INSTRUCTIONS TO FOLLOW:
Leave out the pictures and reproduce all of the data exactly.

DATASET EXCERPT:
┌──
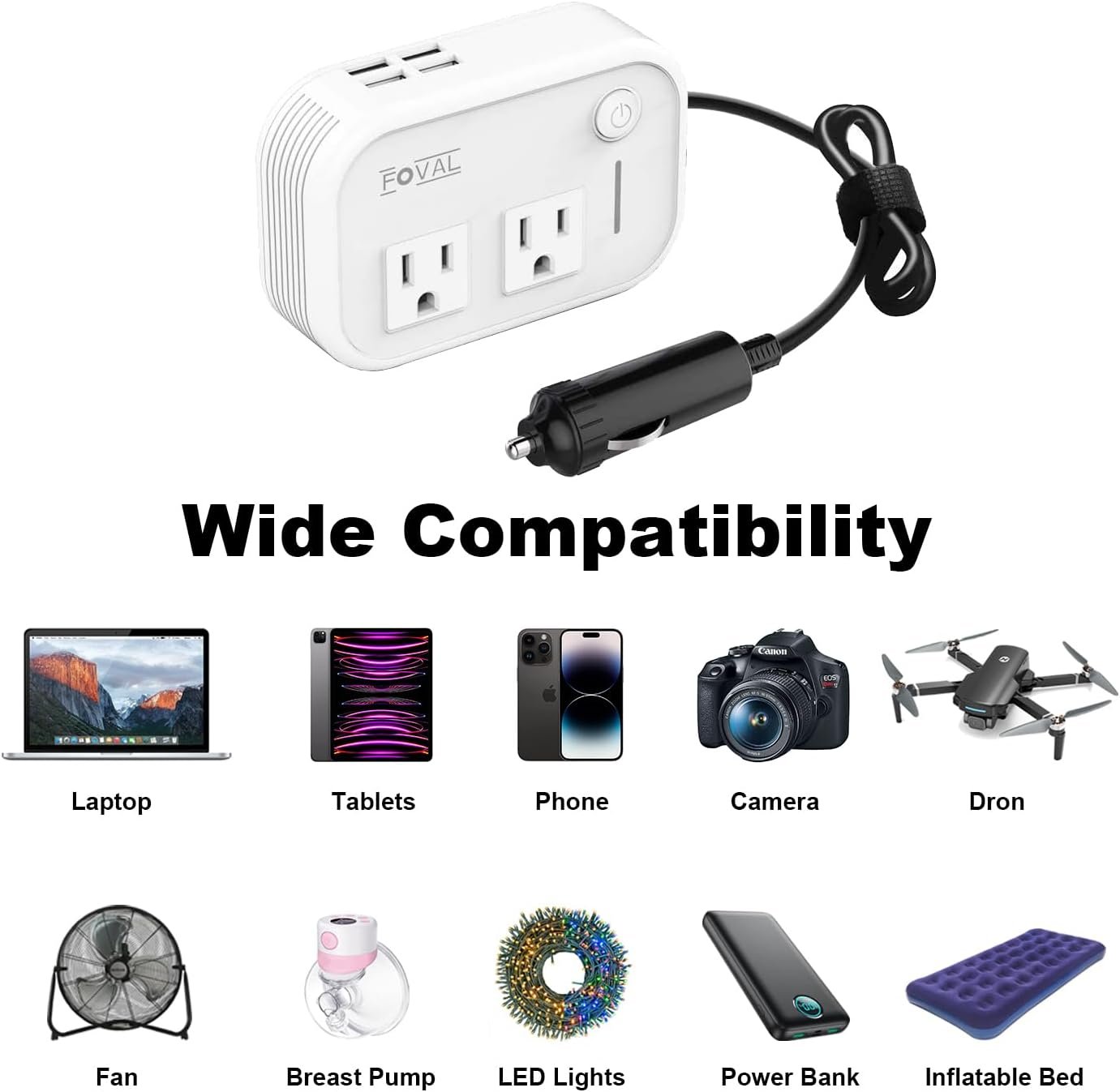 FOVAL power inverters safely charging your Phone, Ipad, MacBook, Laptop, Breast Pump, Cpap Machine, Xbox, Switch, Mspeakers, Camera, Nebulizer, Game Console, Kindle etc,.
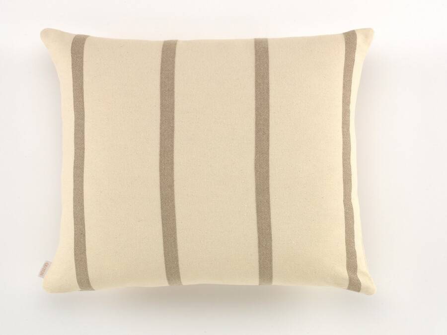 Funda de cojín fabricada con algodón natural reciclado y cremallera invisible.
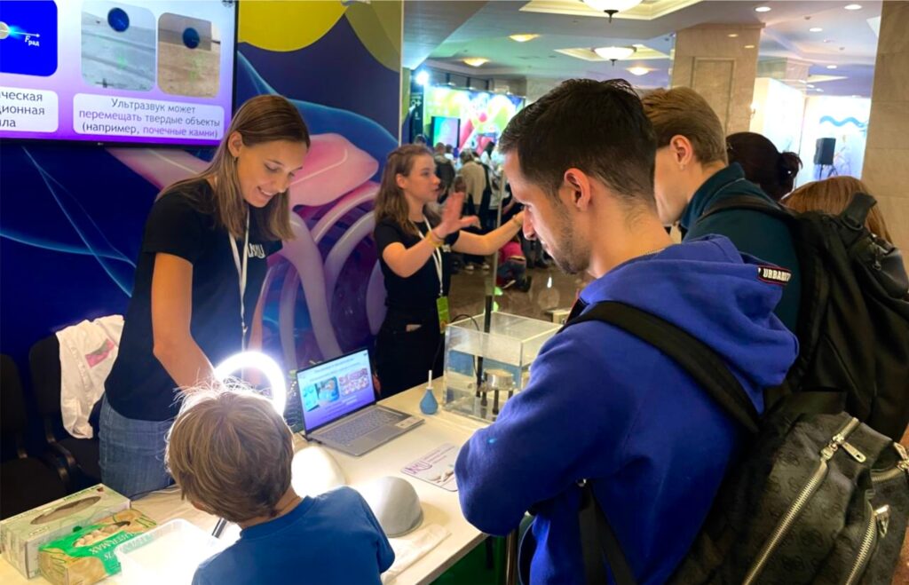 Студенты и аспиранты лаборатории подготовили увлекательный рассказ об ультразвуке и его применении в медицине, а дополняющие его эффектные экспериментальные демонстрации вызвали живой интерес посетителей. Более ста человек на протяжении трех дней фестиваля пообщались с представителями лаборатории на стенде и смогли в прямом смысле слова прикоснуться к удивительным эффектам, на которые способен ультразвук. Особенно радует, что значительную часть заинтересовавшихся посетителей составляли школьники — потенциальные будущие студенты и исследователи!
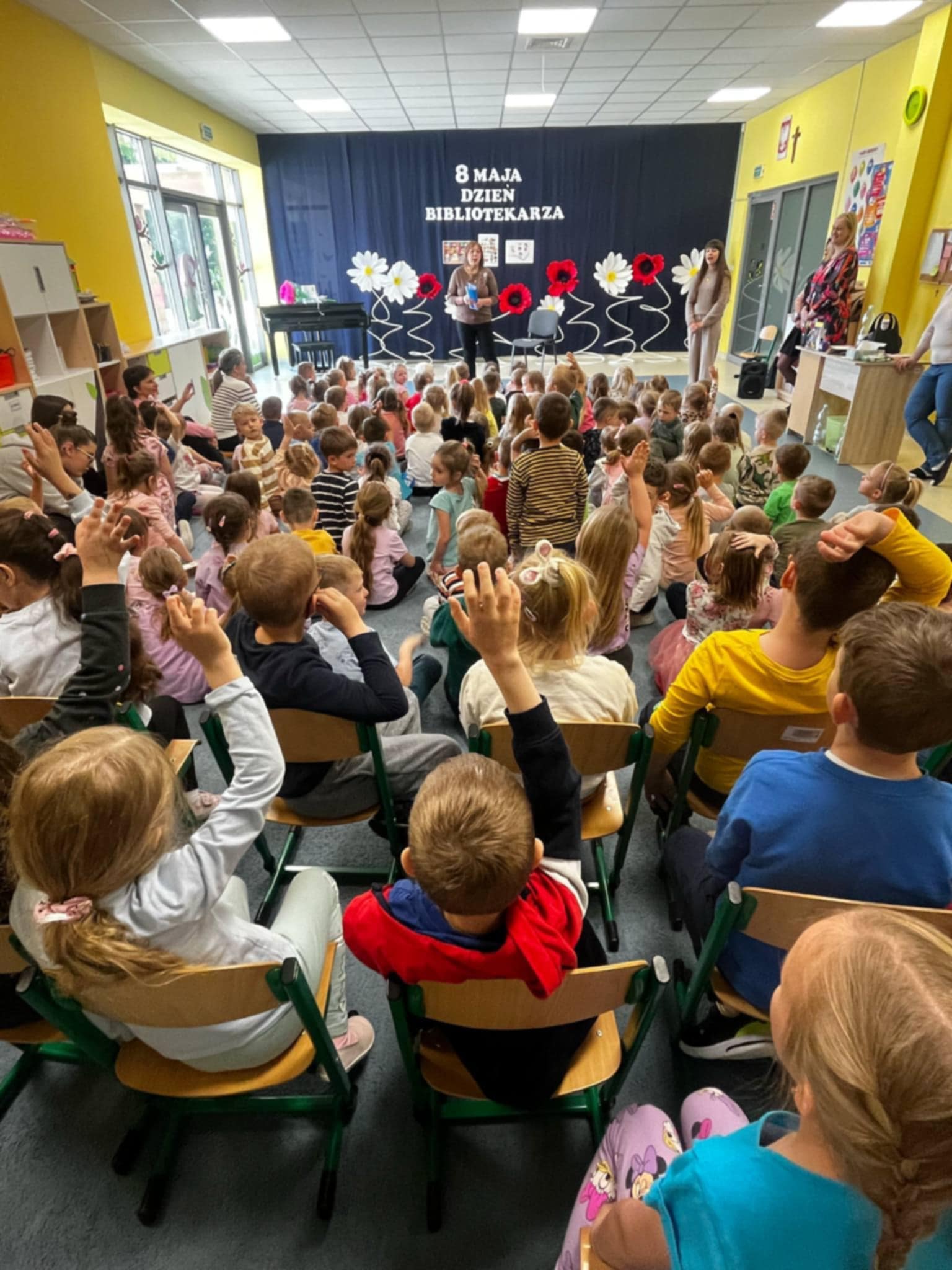 8 maja 2025r. w przedszkolu obchodzony był Dzień Bibliotekarza. Z tej okazji do przedszkola została zaproszona Pani bibliotekarka z Biblioteki Publicznej w Górze Ropczyckiej. Była to okazja by opowiedzieć dzieciom o bibliotece, pracy bibliotekarza, książkach, zasadach wypożyczania i o innych aktywnościach, w których można uczestniczyć przychodząc do biblioteki. Dzieciom została przeczytana bajka Anity Głowińskiej pt. ,,Kicia Kocia w bibliotece" przedstawiająca w przystępny sposób miejsce, którym jest biblioteka.
└──
ANSWER TO THIS TASK:
 FOVAL power inverters safely charging your Phone, Ipad, MacBook, Laptop, Breast Pump, Cpap Machine, Xbox, Switch, Mspeakers, Camera, Nebulizer, Game Console, Kindle etc,.
 Funda de cojín fabricada con algodón natural reciclado y cremallera invisible.
 Студенты и аспиранты лаборатории подготовили увлекательный рассказ об ультразвуке и его применении в медицине, а дополняющие его эффектные экспериментальные демонстрации вызвали живой интерес посетителей. Более ста человек на протяжении трех дней фестиваля пообщались с представителями лаборатории на стенде и смогли в прямом смысле слова прикоснуться к удивительным эффектам, на которые способен ультразвук. Особенно радует, что значительную часть заинтересовавшихся посетителей составляли школьники — потенциальные будущие студенты и исследователи!
 8 maja 2025r. w przedszkolu obchodzony był Dzień Bibliotekarza. Z tej okazji do przedszkola została zaproszona Pani bibliotekarka z Biblioteki Publicznej w Górze Ropczyckiej. Była to okazja by opowiedzieć dzieciom o bibliotece, pracy bibliotekarza, książkach, zasadach wypożyczania i o innych aktywnościach, w których można uczestniczyć przychodząc do biblioteki. Dzieciom została przeczytana bajka Anity Głowińskiej pt. ,,Kicia Kocia w bibliotece" przedstawiająca w przystępny sposób miejsce, którym jest biblioteka.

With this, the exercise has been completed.